Prop23 cap-n-trade gets tangled in environmental review

Oh this is delicious sweet irony…they adopted a plan but didn’t bother to make a complete environmental review like any other project in the state is required to do. That’s what they get for ramrodding the thing. From the:

Calif. cap-trade plan dealt blow by S.F. judge

Wyatt Buchanan, Chronicle Sacramento Bureau

Friday, February 4, 2011

(02-04) 04:00 PST Sacramento –

The California Air Resources Board violated state environmental law in 2008 when it adopted a comprehensive plan to reduce greenhouse gases and again last year when it passed cap-and-trade regulations, a San Francisco Superior Court judge has ruled in a tentative decision.

If the decision is made final, California would be barred from implementing its ambitious plan to combat global warming until it complies with portions of the California Environmental Quality Act, though it is not yet clear what the air board would have to do to be in compliance. The state’s plan, which implements AB32, the Global Warming Solutions Act of 2006, would reduce carbon emissions to 1990 levels by 2020.

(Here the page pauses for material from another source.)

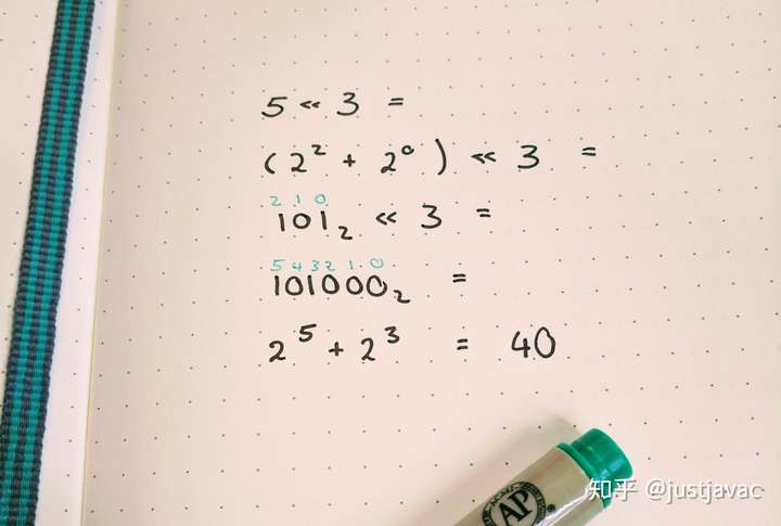 << 是按位左移运算。左移意味着我们将数字的二进制表示移到左边,并用零填充右边。例如,5<< 3 = 40。
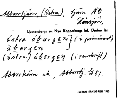 Information om ortnamnet Abborrtjärn, Östra

The Air Resources Board and those who brought the lawsuit, a variety of environmental groups represented by the Center on Race, Poverty and the Environment, a San Francisco organization, have until Tuesday to respond before the court makes a final ruling.

In his decision, Superior Court Judge Ernest Goldsmith ruled that the air board approved the larger plan to implement AB32 prior to completing the required environmental review, and that the board failed to adequately consider alternatives to cap and trade.

The Air Resources Board “seeks to create a fait accompli by premature establishment of a cap-and-trade program before alternative (sic) can be exposed to public comment and properly evaluated by the ARB itself,” Goldsmith found, adding that the air board’s “analysis provides no evidence to support its chosen approach.”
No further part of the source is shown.